Nihon Rinsho Meneki Gakkai Kaishi. 2007 Apr;30(2):78-85. doi: 10.2177/jsci.30.78.
Familial Mediterranean fever (FMF) is an autosomal recessive disease which predominantly affects certain ethnic groups mainly Sephardic Jews, Turks, Arabs and Armenians. FMF has been rarely reported in Japan. Characteristic symptoms include self-limited recurrent attacks of fever with serositis such as peritonitis, pleuritis, and arthritis.
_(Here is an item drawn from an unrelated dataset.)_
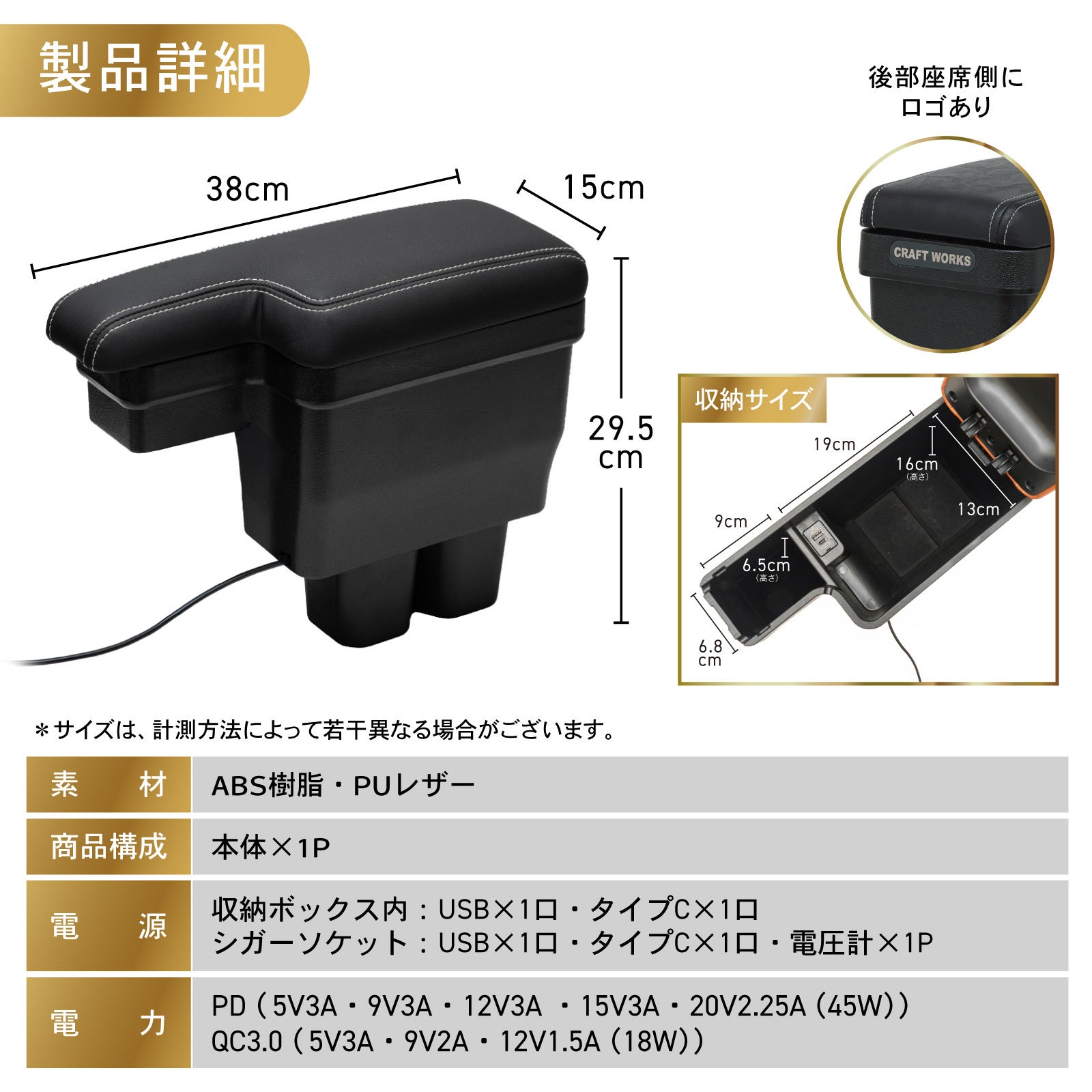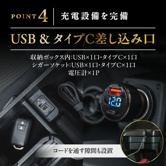 充電設備を完備収納ボックス内:USB × 1口・タイプC × 1口

The most serious complications of FMF are secondary AA amyloidosis and subsequent chronic renal failure. FMF is caused by mutations in MEFV gene which encodes a protein called pyrin. Pyrin regulates processing of IL-1beta, NF-kappaB activation and apoptosis. Dysregulated function of pyrin results in excessive production of proinflammatory cytokine thereby evoking inflammatory attacks. The mainstay of treatment is colchicine which is effective for both relieving symptoms and preventing secondary amyloidosis.
家族性地中海热(FMF)是一种常染色体隐性疾病,主要影响某些特定种族群体,主要是西班牙系犹太人、土耳其人、阿拉伯人和亚美尼亚人。FMF在日本鲜有报道。其特征性症状包括伴有腹膜炎、胸膜炎和关节炎等浆膜炎的自限性反复发热发作。FMF最严重的并发症是继发性AA淀粉样变性及随后的慢性肾衰竭。FMF由编码名为吡啉蛋白的MEFV基因突变引起。吡啉调节白细胞介素-1β的加工、核因子-κB激活和细胞凋亡。吡啉功能失调导致促炎细胞因子过度产生,从而引发炎症发作。治疗的主要药物是秋水仙碱,它对缓解症状和预防继发性淀粉样变性均有效。